## What you should do
Please return the lines below verbatim, beginning at the one that has "To assemble the" and stopping after the one that has "The main trail", and add no other lines.

## Listed entries
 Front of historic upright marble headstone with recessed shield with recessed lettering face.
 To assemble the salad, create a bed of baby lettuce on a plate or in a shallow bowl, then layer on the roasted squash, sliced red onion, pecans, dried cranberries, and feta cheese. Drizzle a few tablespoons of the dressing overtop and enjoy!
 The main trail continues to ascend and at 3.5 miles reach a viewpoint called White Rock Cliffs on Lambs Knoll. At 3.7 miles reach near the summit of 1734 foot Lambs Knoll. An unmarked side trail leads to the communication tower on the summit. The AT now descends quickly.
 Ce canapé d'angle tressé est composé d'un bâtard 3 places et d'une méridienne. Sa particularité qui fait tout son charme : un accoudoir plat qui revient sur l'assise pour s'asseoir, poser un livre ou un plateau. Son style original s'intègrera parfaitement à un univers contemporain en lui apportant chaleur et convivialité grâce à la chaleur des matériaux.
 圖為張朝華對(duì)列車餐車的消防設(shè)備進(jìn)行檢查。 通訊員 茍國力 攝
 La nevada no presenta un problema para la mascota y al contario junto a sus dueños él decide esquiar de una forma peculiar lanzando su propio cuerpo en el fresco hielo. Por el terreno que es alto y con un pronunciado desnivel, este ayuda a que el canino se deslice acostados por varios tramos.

---

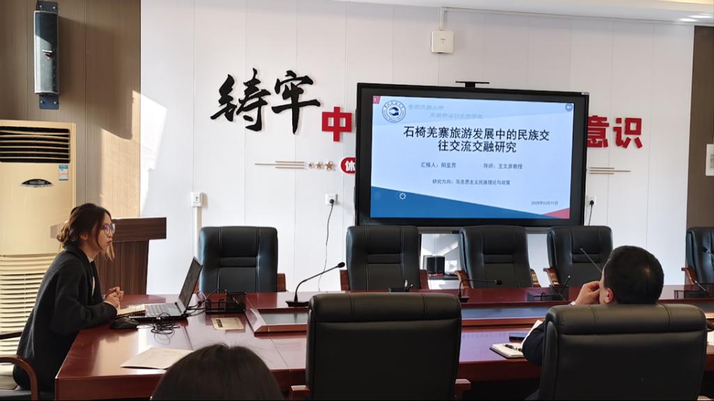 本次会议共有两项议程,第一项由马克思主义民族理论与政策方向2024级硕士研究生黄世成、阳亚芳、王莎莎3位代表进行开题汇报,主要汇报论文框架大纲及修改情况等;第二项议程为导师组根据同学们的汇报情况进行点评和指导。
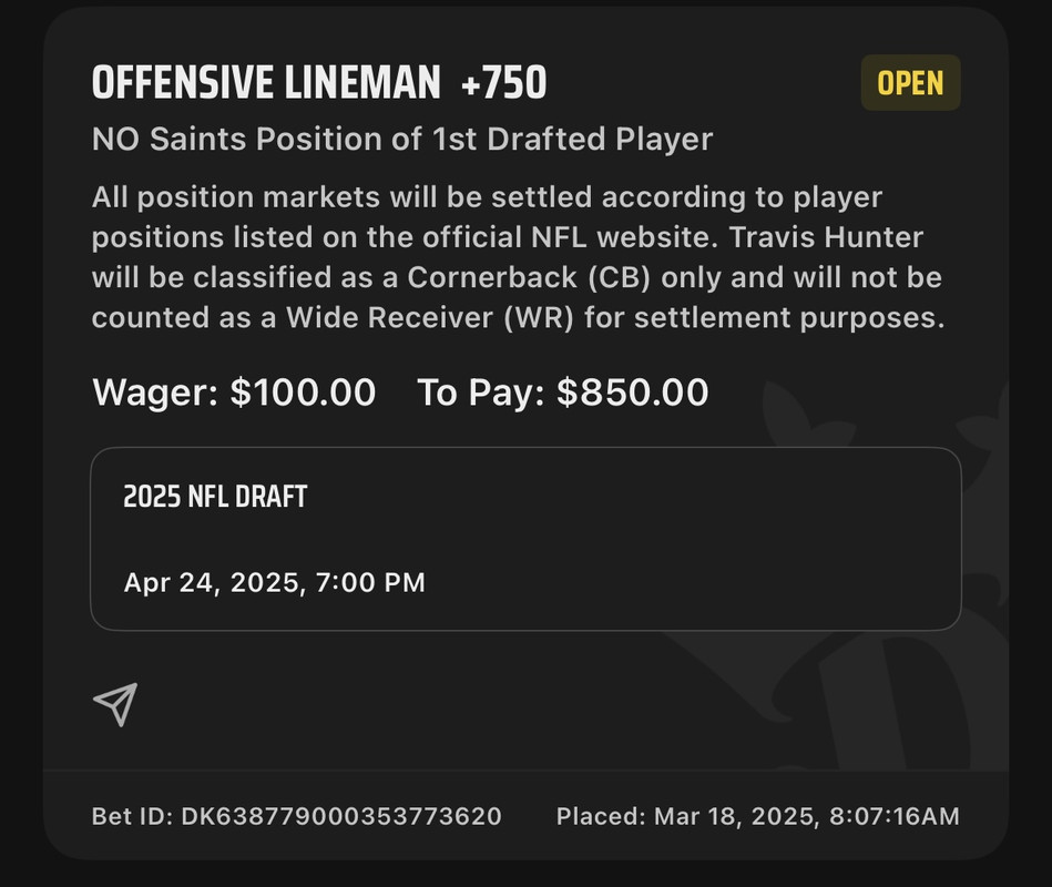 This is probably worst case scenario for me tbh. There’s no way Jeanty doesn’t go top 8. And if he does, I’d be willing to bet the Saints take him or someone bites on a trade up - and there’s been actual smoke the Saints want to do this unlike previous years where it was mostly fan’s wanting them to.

* * *

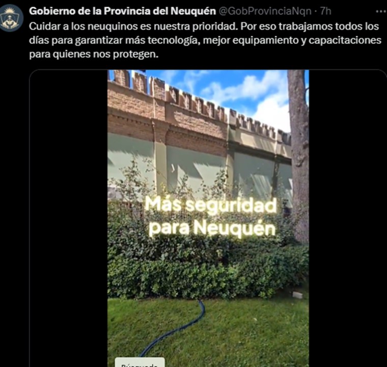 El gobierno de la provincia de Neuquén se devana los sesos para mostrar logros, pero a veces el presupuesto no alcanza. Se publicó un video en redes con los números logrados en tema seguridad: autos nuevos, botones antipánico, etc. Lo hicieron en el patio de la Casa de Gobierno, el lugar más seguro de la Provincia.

## Your response
 To assemble the salad, create a bed of baby lettuce on a plate or in a shallow bowl, then layer on the roasted squash, sliced red onion, pecans, dried cranberries, and feta cheese. Drizzle a few tablespoons of the dressing overtop and enjoy!
 The main trail continues to ascend and at 3.5 miles reach a viewpoint called White Rock Cliffs on Lambs Knoll. At 3.7 miles reach near the summit of 1734 foot Lambs Knoll. An unmarked side trail leads to the communication tower on the summit. The AT now descends quickly.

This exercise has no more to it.